> **Directions for this task**
The listing must be copied out in full and exactly; no images go with it.

> **Provided material**
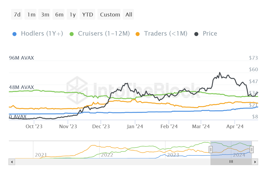 Nelle ultime tre settimane, i possessori di AVAX hanno accumulato oltre il 4% dell’offerta circolante per oltre un anno, con un conseguente aumento di 4,2 milioni di AVAX per un valore di 161 milioni di dollari nei loro portafogli, portando il totale a 20,72 milioni di AVAX.
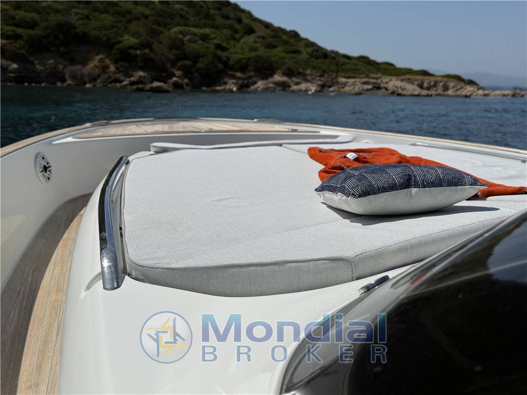 Antivegetativa colore nero; coperta in teak con comento grigio; terrazze laterali apribili con rivestimento in teak; Spiaggetta di poppa lunga con sistema idraulico sali e scendi compresa scaletta di discesa automatica; Luci subacquee (n. 4); Tavolo pieghevole in pozzetto; prendisole di poppa con panca separata, apertura elettrica e cuscineria; 2 frigoriferi addizionali sotte le sedute pozzetto; Icemaker cucina pozzetto; BBQ in vetroceramica (220V); tappezzeria esterna in Sumbrella light grey; portabicchieri prendisole poppa e prua (4); portabicchieri sedili guida (2); Oblò apribile a prua; Ancora inox 16Kg con snodo; Cancelletti di poppa in acciaio inox; Asta inox portaparabordi gavone di prua;
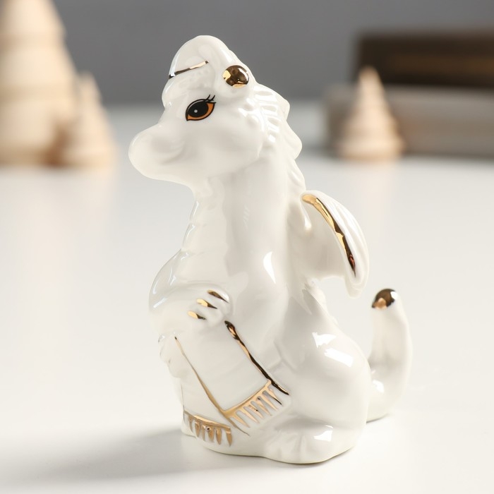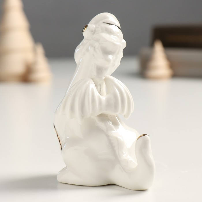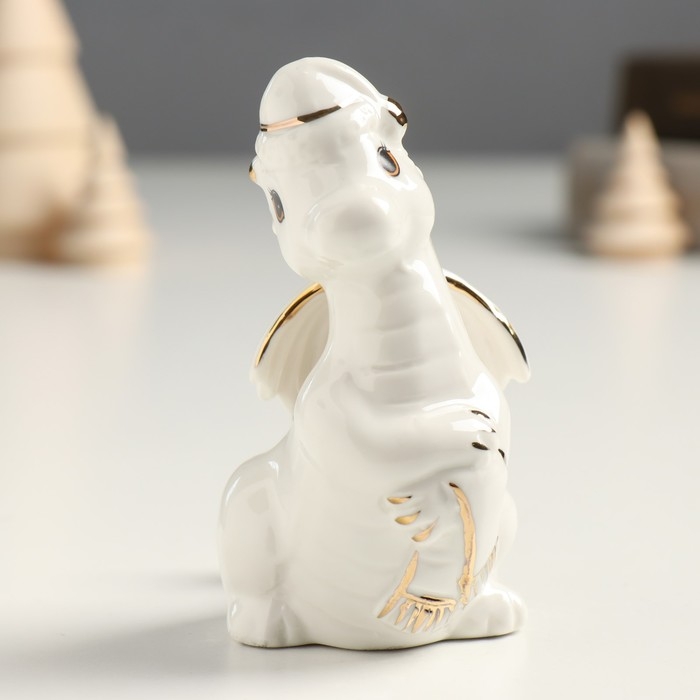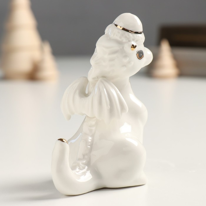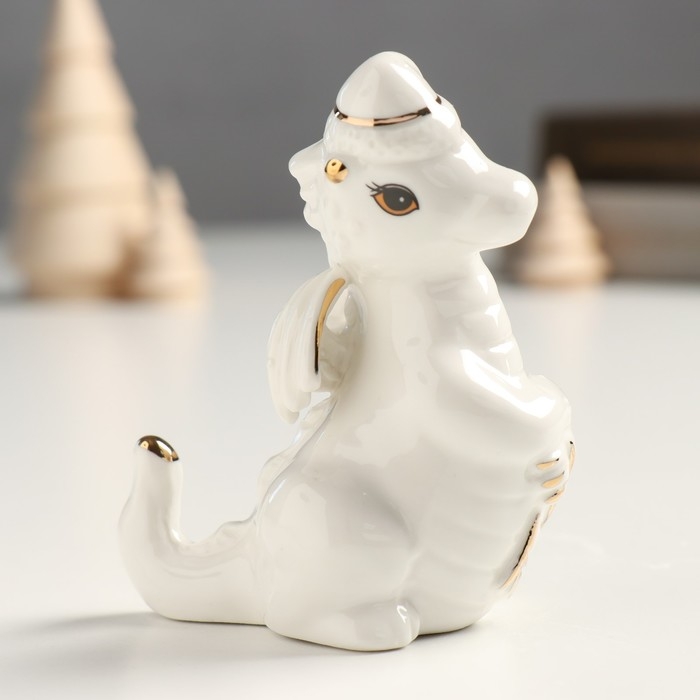 Сувенир керамика "Дракоша в новогоднем колпаке" бело-золотой 5х7х9,5 см

> **Finished task**
 Nelle ultime tre settimane, i possessori di AVAX hanno accumulato oltre il 4% dell’offerta circolante per oltre un anno, con un conseguente aumento di 4,2 milioni di AVAX per un valore di 161 milioni di dollari nei loro portafogli, portando il totale a 20,72 milioni di AVAX.
 Antivegetativa colore nero; coperta in teak con comento grigio; terrazze laterali apribili con rivestimento in teak; Spiaggetta di poppa lunga con sistema idraulico sali e scendi compresa scaletta di discesa automatica; Luci subacquee (n. 4); Tavolo pieghevole in pozzetto; prendisole di poppa con panca separata, apertura elettrica e cuscineria; 2 frigoriferi addizionali sotte le sedute pozzetto; Icemaker cucina pozzetto; BBQ in vetroceramica (220V); tappezzeria esterna in Sumbrella light grey; portabicchieri prendisole poppa e prua (4); portabicchieri sedili guida (2); Oblò apribile a prua; Ancora inox 16Kg con snodo; Cancelletti di poppa in acciaio inox; Asta inox portaparabordi gavone di prua;
 Сувенир керамика "Дракоша в новогоднем колпаке" бело-золотой 5х7х9,5 см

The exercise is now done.